Here is a real Nginx L7 config showing both an upstream pool and the algorithm:

upstream app_backend {
    least_conn;                 # use least-connections instead of round-robin
    server 10.0.0.11:8080;
    server 10.0.0.12:8080;
    server 10.0.0.13:8080 weight=2;   # this box gets double the traffic
}

server {
    listen 80;
    server_name example.com;

    location / {
        proxy_pass http://app_backend;
        proxy_set_header Host $host;
        proxy_set_header X-Real-IP $remote_addr;
    }
}

Health checks

A health check is a small request the load balancer sends to each backend on a schedule to ask “are you alive and ready?”. If a backend stops responding (or returns an error), the load balancer marks it unhealthy and stops sending it traffic. When it recovers, traffic resumes automatically. This is what makes a load balancer resilient — a dead backend is quietly removed instead of serving errors to users.
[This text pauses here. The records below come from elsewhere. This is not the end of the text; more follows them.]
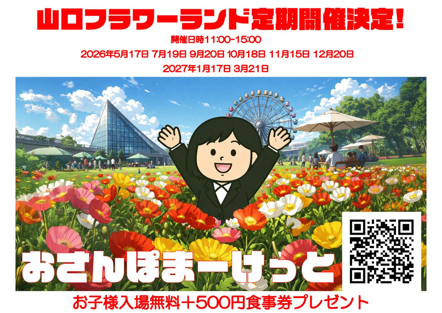 やまぐちフラワーランドでは、毎月第3日曜日に子育て応援企画を実施しています。当日は、中学生以下のお子さまの入園料が無料となるほか、フード屋台(キッチンカー等)で利用できるチケット「こども食事券(500円分)」を先着100名に配布します。
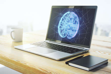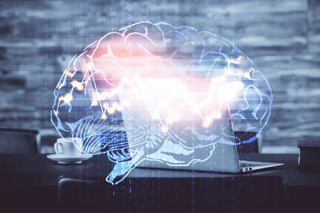 Creative artificial Intelligence concept with human brain hologram on modern laptop background. Multiexposure
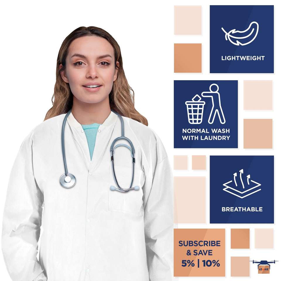 Giacca da laboratorio Unisex da 30 pollici monouso 100 Pack abbigliamento da lavoro bianco lungo fino ai fianchi camicie da 50 Gsm con bottoni a bottoni in maglia frontale con collo 3 di sicurezza
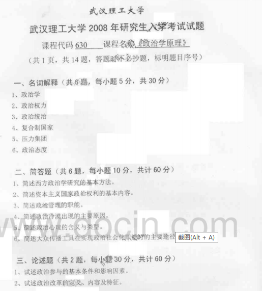 2020-2021年武汉理工考研辅导班:武汉理工大学630政治学原理2008考研真题
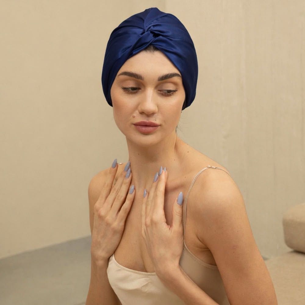 Contrairement au satin synthétique qui peut étouffer le cuir chevelu, notre bonnet est conçu en soie de mûrier 100 % naturelle sur deux couches. Cette double épaisseur de soie pure laisse respirer vos cheveux tout en scellant l'hydratation, offrant une barrière protectrice bien plus efficace et luxueuse.
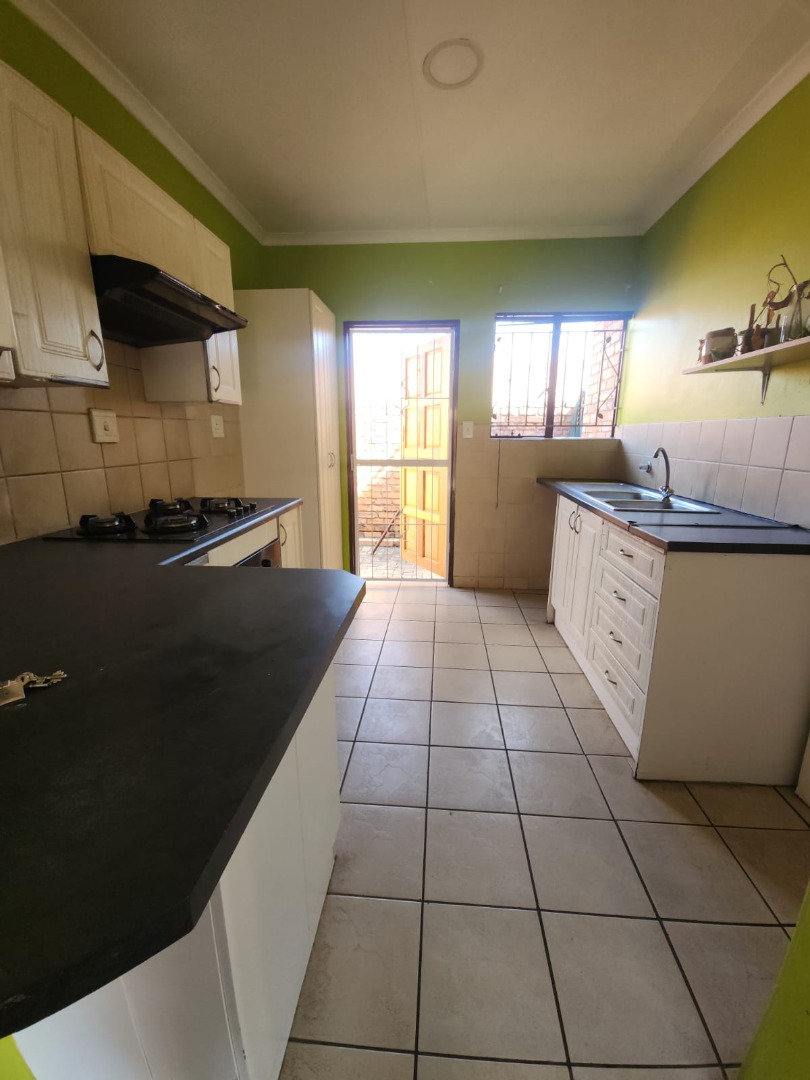 Discover comfortable living in this well-appointed residential property located in a secure complex in Halfway Gardens, Midrand, South Africa. This charming home presents a durable brick exterior with a tiled roof, offering a welcoming kerb appeal. The interior boasts an open-plan layout, seamlessly connecting the lounge and dining areas, both featuring low-maintenance laminate flooring and modern recessed lighting. The functional kitchen is equipped with a gas hob, extractor fan, ample white cabinetry, dark countertops, and tiled flooring, catering to everyday culinary needs. While the vibrant green walls add a unique character, they also offer an opportunity for personalisation to suit your taste. The residence comprises two comfortable bedrooms and two bathrooms, with one being an en-suite, providing privacy and convenience. Each space is designed for practical living, ensuring a comfortable environment for residents. Outdoor amenities include a private garden and paved areas, offering a personal retreat within the 200 sqm erf. The property features a single garage with a roll-up door and an additional designated parking space, ensuring secure vehicle accommodation. Residents also benefit from access to a communal swimming pool, perfect for relaxation and recreation. This pet-friendly complex allows for furry companions to enjoy the space too. Security is paramount within this complex, featuring 24-hour security, CCTV surveillance, and an access gate, providing peace of mind. The home is also fibre-ready, ensuring high-speed internet connectivity for work and entertainment. Halfway Gardens is a sought-after residential suburb in Midrand, known for its convenient location and access to essential amenities, schools, and major transport routes, making it an ideal choice for modern living. Key Features: * 2 Bedrooms, 2 Bathrooms (1 en-suite) * Open-plan lounge and dining areas * Functional kitchen with gas hob * Single garage and dedicated parking * Communal swimming pool access * Private garden and paved outdoor space * Fibre-ready connectivity * 24-hour security complex with CCTV * Pet-friendly environment

Most apps expose a tiny endpoint like /health that returns HTTP 200 when the app is fine. You can test it by hand:

curl -i http://10.0.0.11:8080/health

Output:

HTTP/1.1 200 OK
Content-Type: application/json
Content-Length: 15

{"status":"ok"}

In Nginx open source, passive health checks are built in (it stops using a backend after failures). On Ubuntu you can tune them:

upstream app_backend {
    server 10.0.0.11:8080 max_fails=3 fail_timeout=30s;
    server 10.0.0.12:8080 max_fails=3 fail_timeout=30s;
}

This says: after 3 failed requests within 30 seconds, take the server out of rotation for 30 seconds, then try it again.
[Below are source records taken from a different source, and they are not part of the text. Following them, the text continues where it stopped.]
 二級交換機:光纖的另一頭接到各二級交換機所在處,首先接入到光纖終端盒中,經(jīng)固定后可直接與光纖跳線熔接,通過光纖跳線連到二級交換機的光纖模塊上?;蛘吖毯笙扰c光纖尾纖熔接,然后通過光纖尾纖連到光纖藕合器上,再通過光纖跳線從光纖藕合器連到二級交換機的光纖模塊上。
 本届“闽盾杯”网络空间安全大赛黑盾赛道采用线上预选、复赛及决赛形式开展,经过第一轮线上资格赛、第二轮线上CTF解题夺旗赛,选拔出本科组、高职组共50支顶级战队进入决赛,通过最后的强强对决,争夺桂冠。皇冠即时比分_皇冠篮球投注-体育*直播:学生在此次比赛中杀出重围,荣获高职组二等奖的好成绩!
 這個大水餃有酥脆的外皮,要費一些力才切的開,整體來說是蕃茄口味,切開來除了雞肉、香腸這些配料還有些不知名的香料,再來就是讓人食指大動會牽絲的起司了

Gotcha: A health check should test that the app can actually serve traffic, not just that the process is running. A good /health endpoint checks the database connection too — otherwise the load balancer keeps sending traffic to a server whose database is down.

Sticky sessions

Normally any backend can serve any request. But some apps store user session data in the memory of a single server (for example, a login session). If the next request goes to a different server, the user appears logged out. Sticky sessions (also called session affinity) tie a given user to one backend so their data is always found.

upstream app_backend {
    ip_hash;                 # same client IP always goes to the same backend
    server 10.0.0.11:8080;
    server 10.0.0.12:8080;
}

When to use this: Only when your app stores session state in server memory. The better long-term fix is to make your app stateless — store sessions in a shared store like Redis so any backend can handle any request. Sticky sessions hurt load balancing (one server can get overloaded) and break when a backend dies.

Cloud load balancers

You don’t have to run the load balancer yourself. Cloud providers offer managed ones that scale automatically and need no patching:

AWS Application Load Balancer (ALB) — L7, routes by path/host, terminates TLS.
AWS Network Load Balancer (NLB) — L4, ultra-high throughput for TCP/UDP.
Google Cloud Load Balancing and Azure Load Balancer — equivalents on other clouds.

A common pattern is a cloud L7 load balancer (ALB) in front, with Nginx on each server doing local L7 routing — combining managed scale with fine-grained control.

Best Practices

Run at least two backends behind every load balancer, in different availability zones where possible, so no single failure causes downtime.
Always configure health checks that test real readiness (including the database), not just “the port is open”.
Default to L7 for web traffic; reach for L4 only when you need raw speed or non-HTTP protocols.
Make your app stateless and avoid sticky sessions — store sessions in Redis so any backend can serve any user.
Terminate TLS at the load balancer so you manage certificates in one place, and lock backends down with ufw to accept traffic only from the load balancer.
Monitor per-backend metrics (latency, error rate, active connections) so you can spot one slow server before it drags down the pool.